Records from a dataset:

======

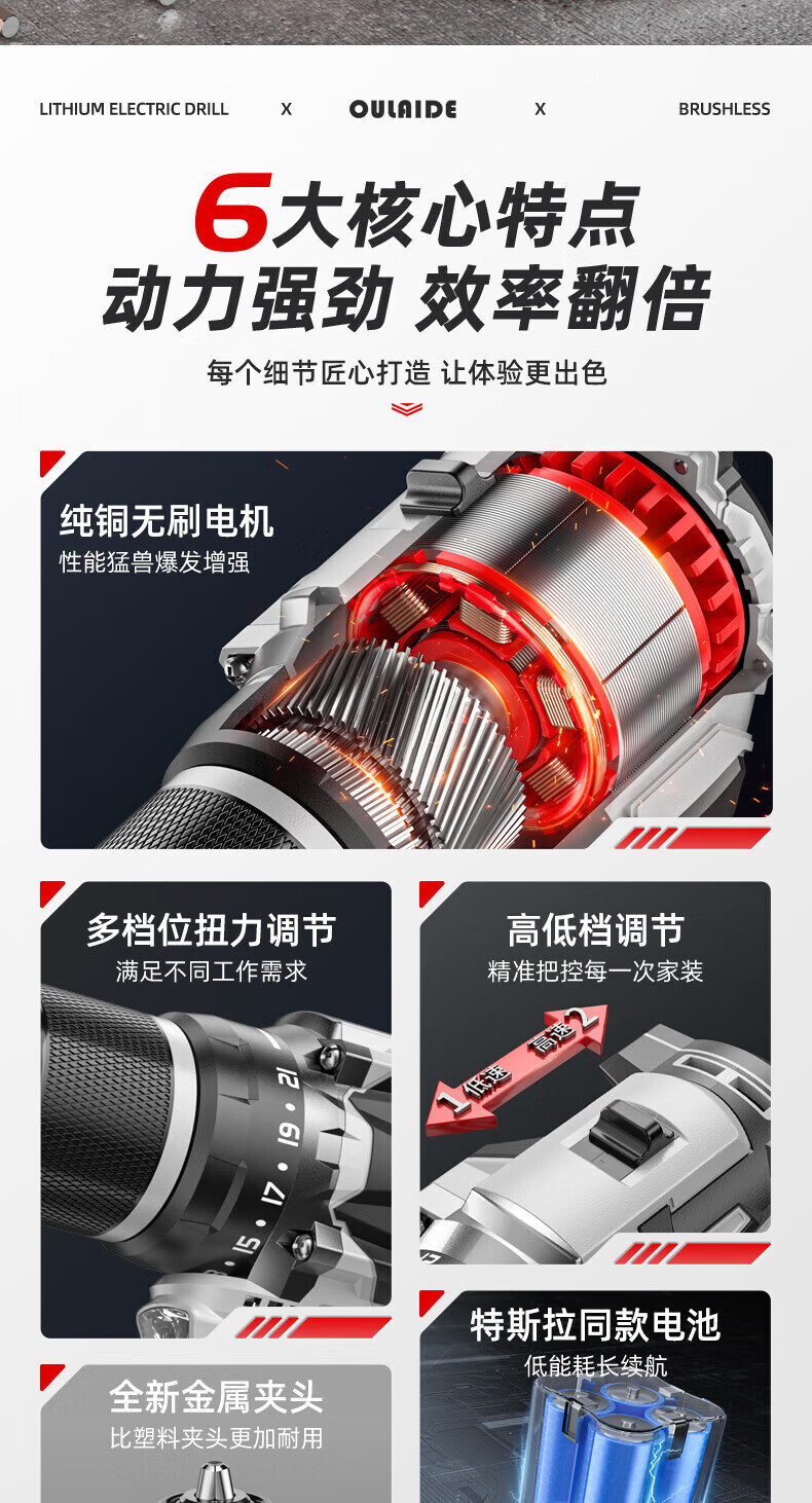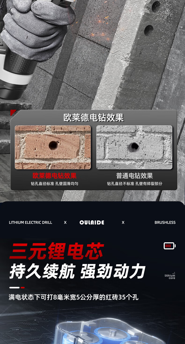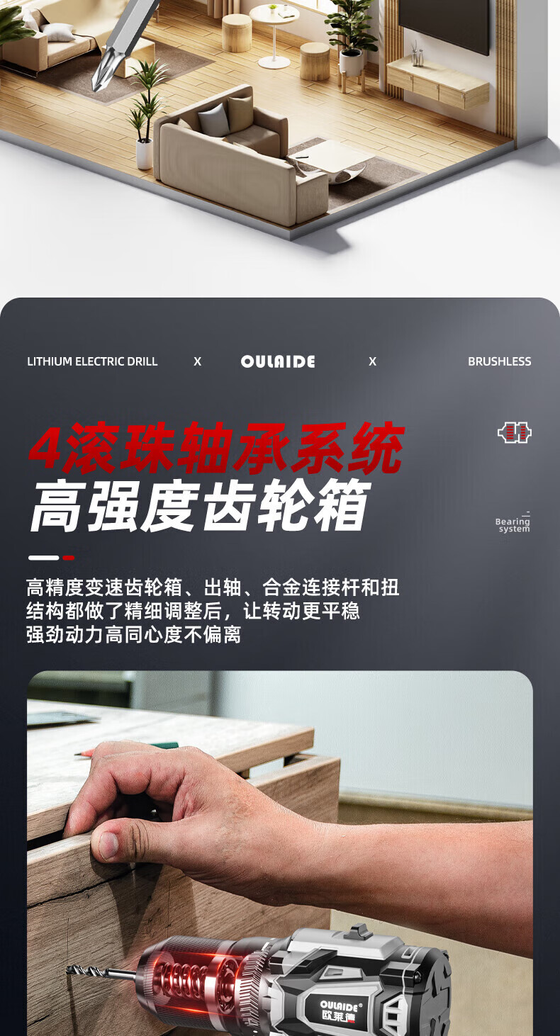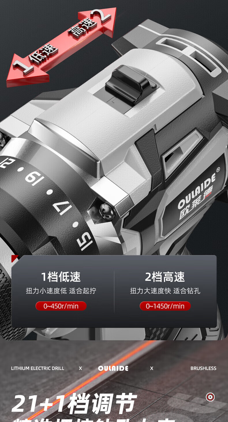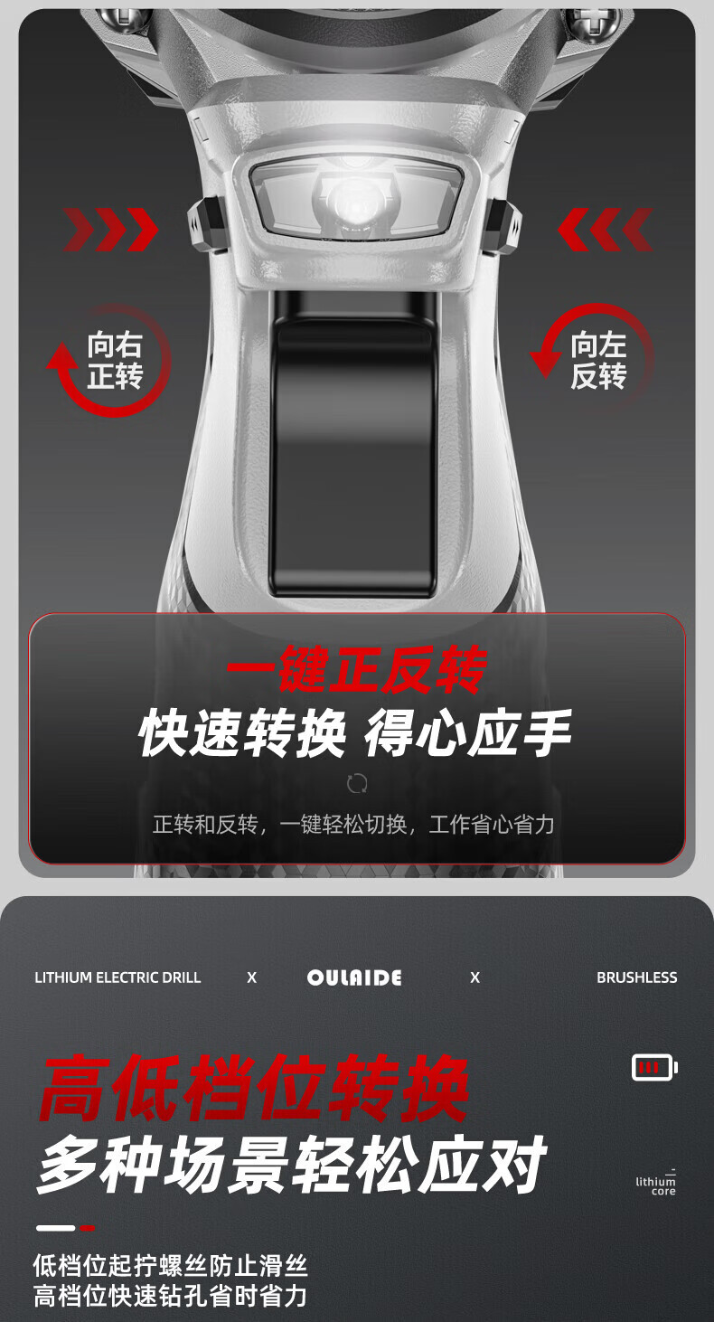 OLED brushless electric drill hand drill small steel cannon high-power rechargeable lithium electric drill electric screwdriver machine can knock the ceiling brushless steel cannon second wear version
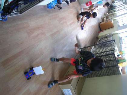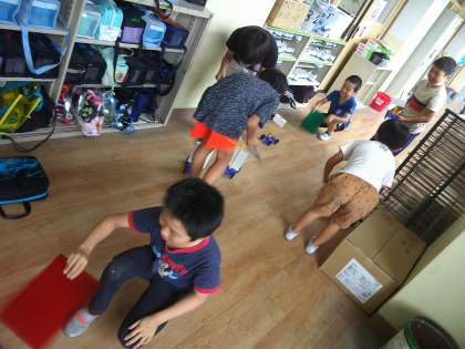 自分たちで作成した車に帆を立て、下敷きで風を送ったり、勢いよく息を吐いたりして車を楽しそうに動かしていました。
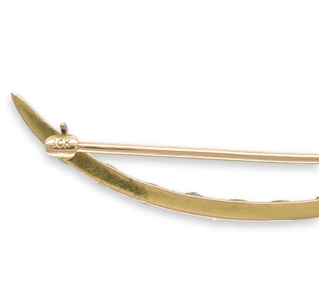 10K yellow gold antique crescent pin featuring eight round Montana blue sapphires and eight seed pearls. The sapphires are graduated in size and measure about 2.3mm to 1.9mm. The sapphires have light sky blue to cornflower blue color. One of the blue stones is replaced, probably paste (the squarish one 3rd from right). The pearls are graduated as well and measure about 2mm to 1.6mm.
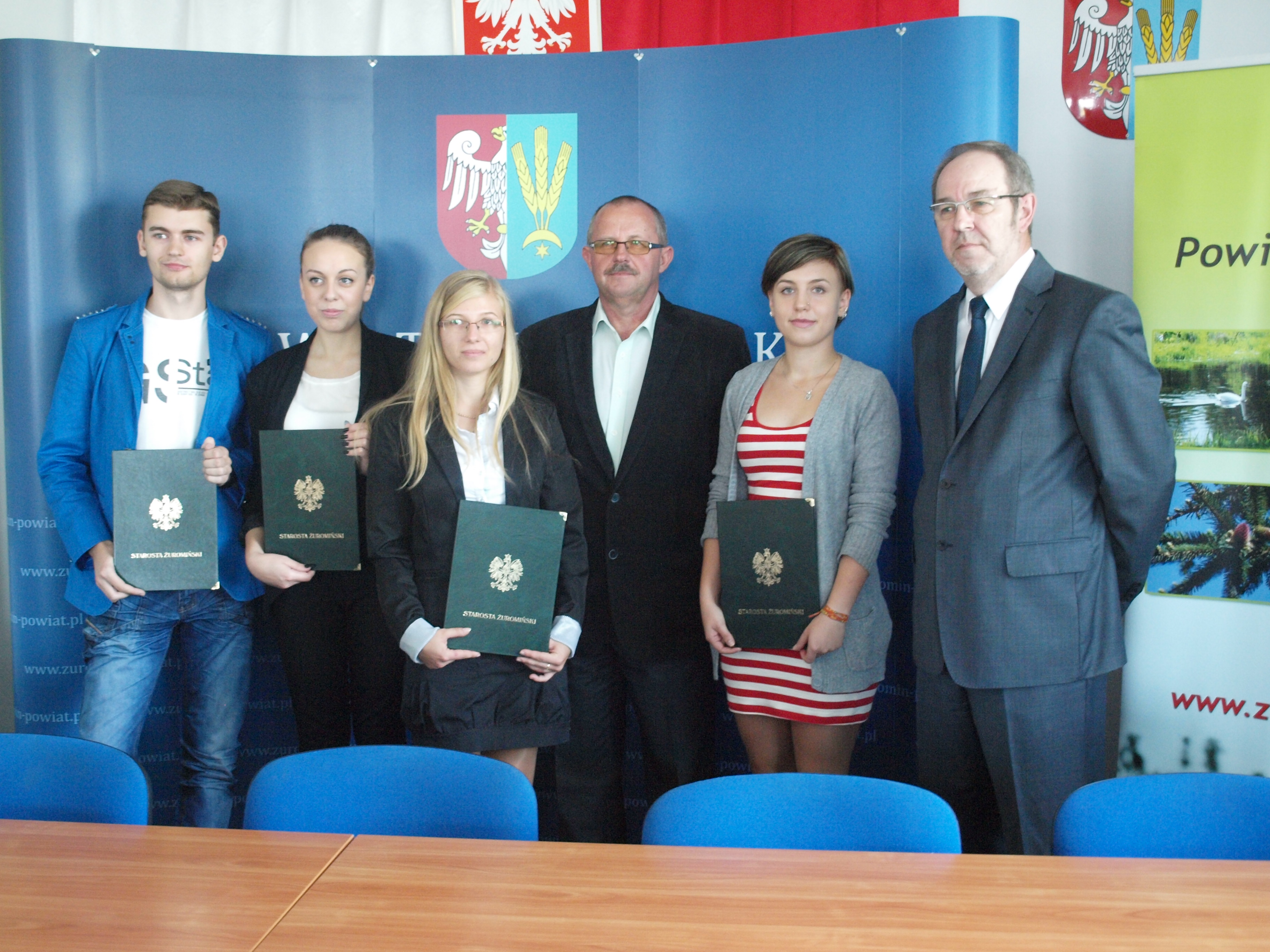 W Starostwie Powiatowym 3 września uczniowie i ich rodzice otrzymali listy gratulacyjne i nagrody za najlepsze wyniki z egzaminu maturalnego. W obecności dyrektorów szkół odebrali je z rąk Starosty Janusza Welenca i Przewodniczącego Rady Powiatu Żuromińskiego Jerzego Rzymowskiego. Najlepszymi maturzystami są: Joanna Kotarska – absolwentka Liceum Ogólnokształcącego im. Marii Dąbrowskiej w Żurominie, Oliwia Filipska – absolwentka Liceum Ogólnokształcącego im. Wł. Orkana w Bieżuniu, Łukasz Lempek – absolwent Technikum w Zespole Szkół Ponadgimnazjalnych im. Jana Pawła II w Żurominie, Karolina Puchalska – absolwentka Liceum Ogólnokształcącego w Zespole Szkół Ponadgimnazjalnych im. Batalionów Chłopskich w Zielonej, Joanna Retkowska – absolwentka Technikum w Zespole Szkół Ponadgimnazjalnych im. Batalionów Chłopskich w Zielonej. Gratulujemy!
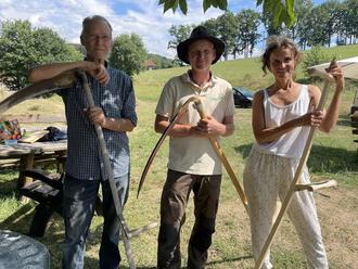 Zum Ersten, zum Zweiten, zum Dritten: Handsensen-Workshop in Güttersbach

======

Reproduce only the lines from the first line of the entries through the line containing "10K yellow gold", exactly and with both ends kept. Omit the pictures.

 OLED brushless electric drill hand drill small steel cannon high-power rechargeable lithium electric drill electric screwdriver machine can knock the ceiling brushless steel cannon second wear version
 自分たちで作成した車に帆を立て、下敷きで風を送ったり、勢いよく息を吐いたりして車を楽しそうに動かしていました。
 10K yellow gold antique crescent pin featuring eight round Montana blue sapphires and eight seed pearls. The sapphires are graduated in size and measure about 2.3mm to 1.9mm. The sapphires have light sky blue to cornflower blue color. One of the blue stones is replaced, probably paste (the squarish one 3rd from right). The pearls are graduated as well and measure about 2mm to 1.6mm.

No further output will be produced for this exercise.